[RAW DATA]:

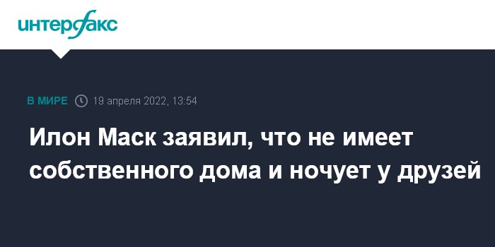 Москва. 19 апреля. INTERFAX.RU - Самый богатый человек в мире, глава Tesla Inc Илон Маск завил, что не имеет собственного дома и по большей части ночует у друзей. Он рассказал об этом в интервью журналисту издания TED Крису Андерсону.
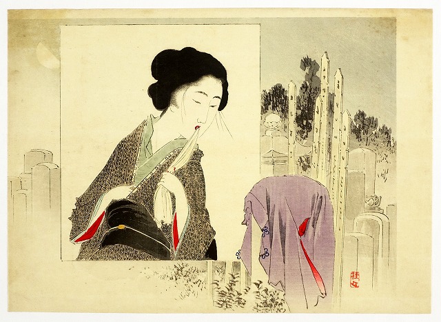湯川松堂美人木版画 朝顔(仮題)
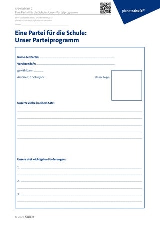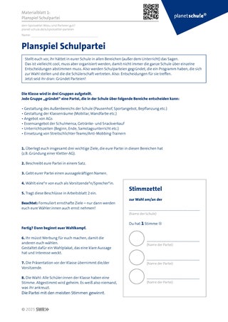 Material: Materialblatt 1: Planspiel Schulpartei; Arbeitsblatt 2: Eine Partei für die Schule; Plakatpapier, farbiges Papier, Marker, Farben, Kleber; Stimmzettel mit den Namen der drei Parteien entsprechend der Schüler:innenanzahl

[DIRECTIONS FOR THIS TASK]: The data is to be returned exactly as it stands, pictures aside.

[RESULT]:
 Москва. 19 апреля. INTERFAX.RU - Самый богатый человек в мире, глава Tesla Inc Илон Маск завил, что не имеет собственного дома и по большей части ночует у друзей. Он рассказал об этом в интервью журналисту издания TED Крису Андерсону.
湯川松堂美人木版画 朝顔(仮題)
 Material: Materialblatt 1: Planspiel Schulpartei; Arbeitsblatt 2: Eine Partei für die Schule; Plakatpapier, farbiges Papier, Marker, Farben, Kleber; Stimmzettel mit den Namen der drei Parteien entsprechend der Schüler:innenanzahl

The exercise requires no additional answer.